* [Data for analysis]
◆ ◆ ◆ ◆
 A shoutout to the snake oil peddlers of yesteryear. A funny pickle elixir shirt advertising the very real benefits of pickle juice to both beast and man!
◆ ◆ ◆ ◆
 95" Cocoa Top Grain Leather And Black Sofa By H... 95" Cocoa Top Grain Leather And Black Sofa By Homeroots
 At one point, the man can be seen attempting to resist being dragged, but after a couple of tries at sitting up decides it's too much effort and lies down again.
◆ ◆ ◆ ◆
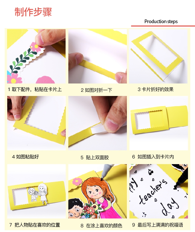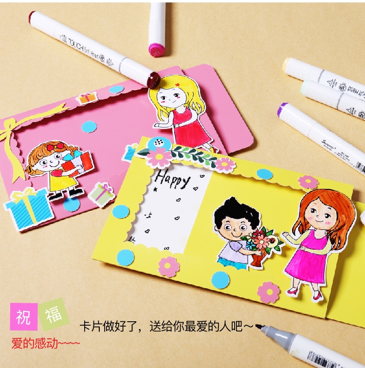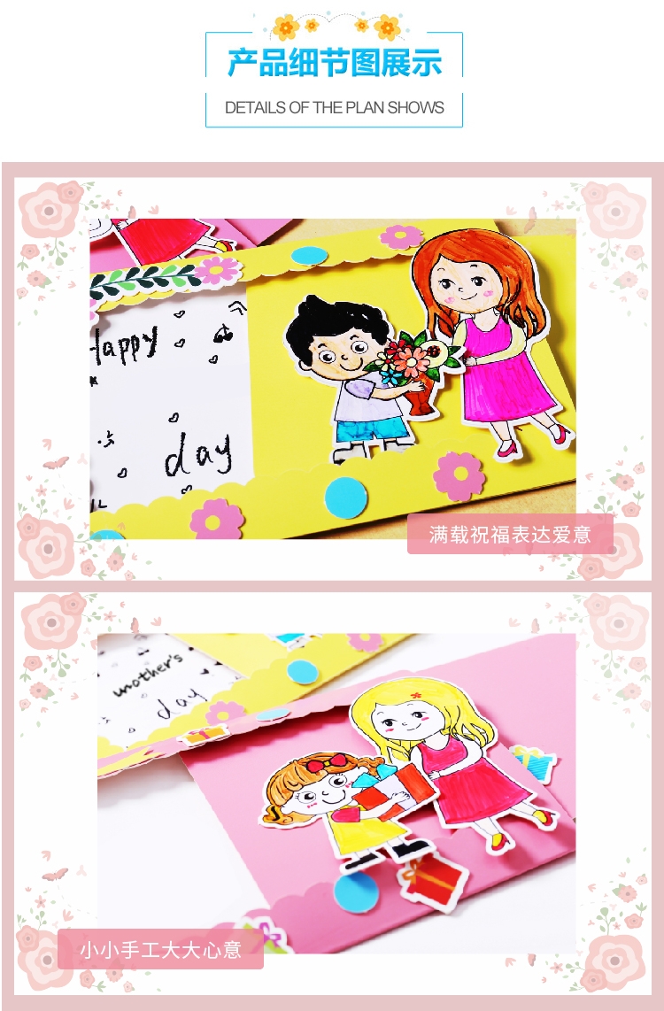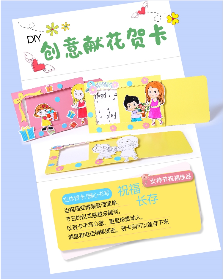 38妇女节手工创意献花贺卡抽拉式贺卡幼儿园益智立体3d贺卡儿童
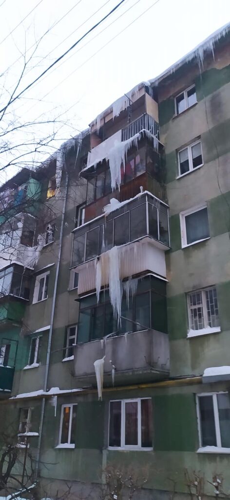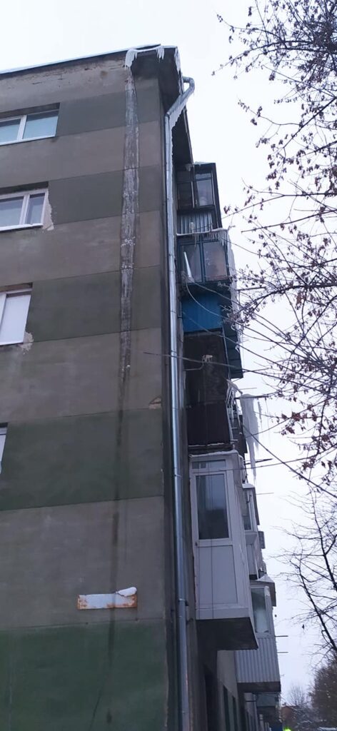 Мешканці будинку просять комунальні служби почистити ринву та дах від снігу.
◆ ◆ ◆ ◆
* [Work to be completed]
For the listing above, print only the lines starting at the line containing "Sofa By Homeroots" and ending at the line containing "At one point, the", exactly, both included.

* [Result for this task]
 95" Cocoa Top Grain Leather And Black Sofa By H... 95" Cocoa Top Grain Leather And Black Sofa By Homeroots
 At one point, the man can be seen attempting to resist being dragged, but after a couple of tries at sitting up decides it's too much effort and lies down again.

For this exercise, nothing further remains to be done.